The scientist and engineer have individual informational requirements in addition to some shared requirements, such as which science activities are planned. Each is only provided with necessary information in order to avoid a cognitive overload from excess information, which poses a risk to task performance.

Measuring SA Through SAGAT. In order to apply SAGAT to this example, specific informational requirements can be enumerated from the high-level informational needs listed above. A list of questions regarding this specific information at all three levels can be specified, and a simulated mission can be run with the scientist and engineer. At various randomly-selected points during the simulated mission, the experiment should be frozen, and the scientist and engineer would then be asked a subset of the specified questions for each level.
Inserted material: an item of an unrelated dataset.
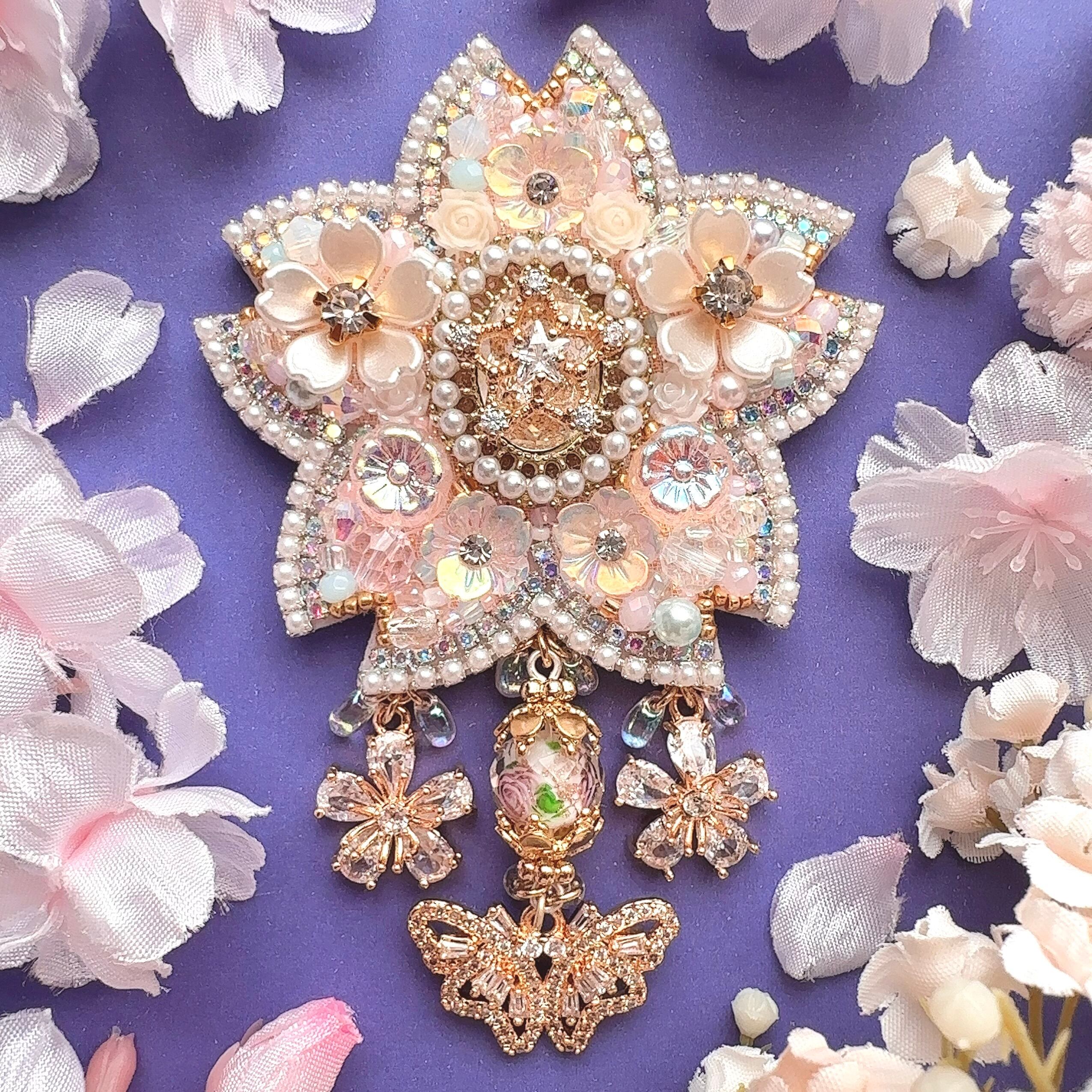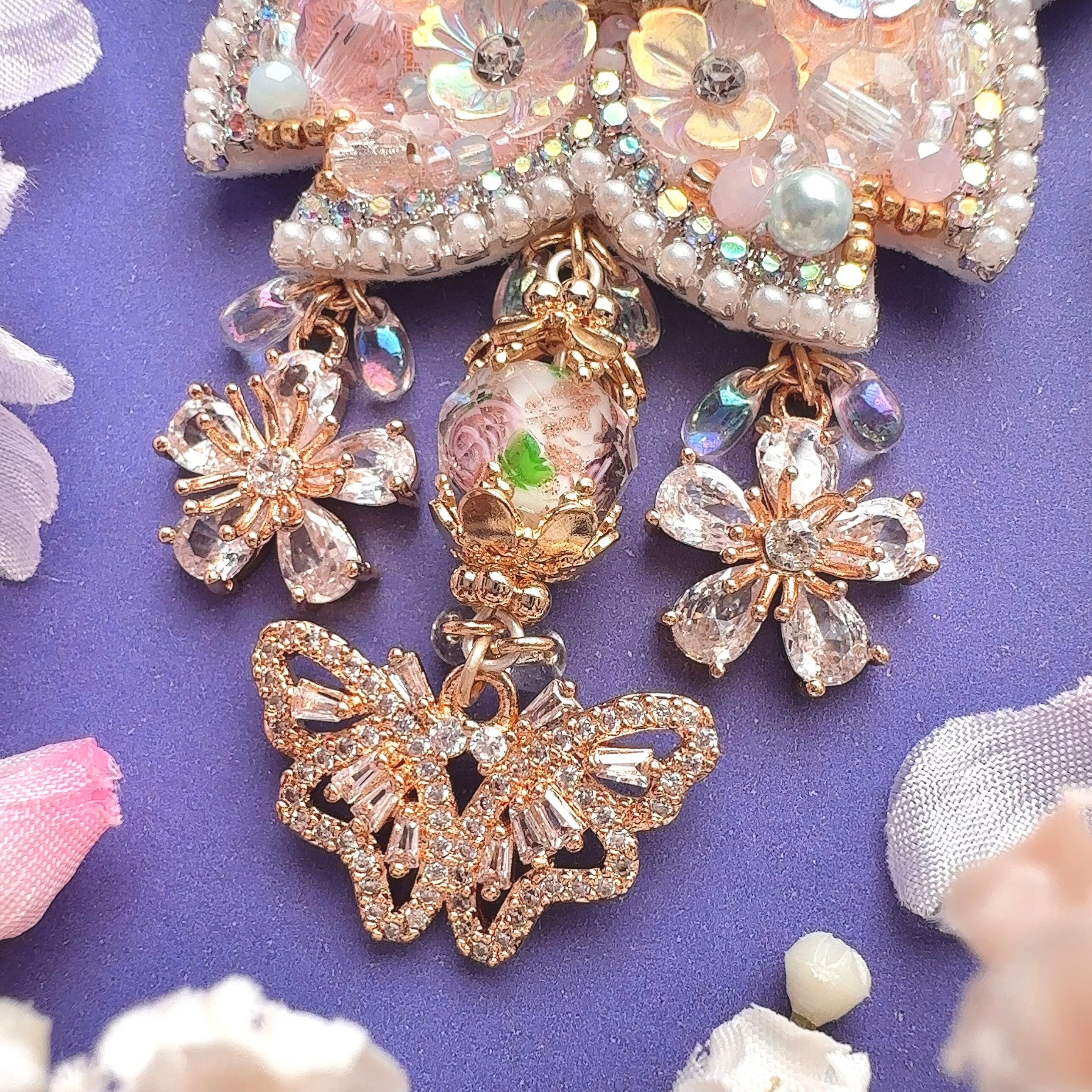 ビーズ刺繍のブローチ・ネックレス・バッグチャームの3wayです。

For example, the following questions might be asked of the engineer regarding the battery during rover traversal between two science activity locations: What is the current battery level of the rover? (Level 1); How much power is required to get to the next location? (Level 2); Does the rover have enough battery to get to the next location and perform the science task? (Level 3).

8 Future Directions

One natural future direction for this work would be to implement a system that addresses the three levels of XAI in a goal- or performance-oriented context and to perform human experiments to assess whether improved SA, enabled through XAI, correlates with improved performance of the human-AI team. Such a system could be a combination of existing techniques addressing each of the three levels or a single system that can address all three levels of XAI. To our knowledge, no system exists that can, on its own, address all three levels. While explainable BDI agents have addressed aspects of each of the three levels [7, 23], additional techniques beyond these solutions will be needed to fully address levels 2 and 3 XAI. In general, development of an XAI system that can independently address all three levels of XAI would be a valuable next direction. Such a system will also require the development of techniques that provide user-tailored explanations in a way that goes beyond what exists in the literature. While there is some existing literature that considers user needs or context in a limited way [8, 19, 45], producing explanations that fully consider user contexts and tasks remains an understudied area. To this end, another possible future direction would be to perform inference of human models in order to inform explanation generation.

9 Conclusion

In this paper, we propose a three-level framework for the design of XAI systems based on human user informational needs. This framework is based on the situation awareness framework in the human factors literature, which has been studied in relation to performance of human-autonomy teams. We further propose a method for assessment of explanations with respect to the three levels of information that XAI systems should provide. Finally, we propose future directions for XAI research.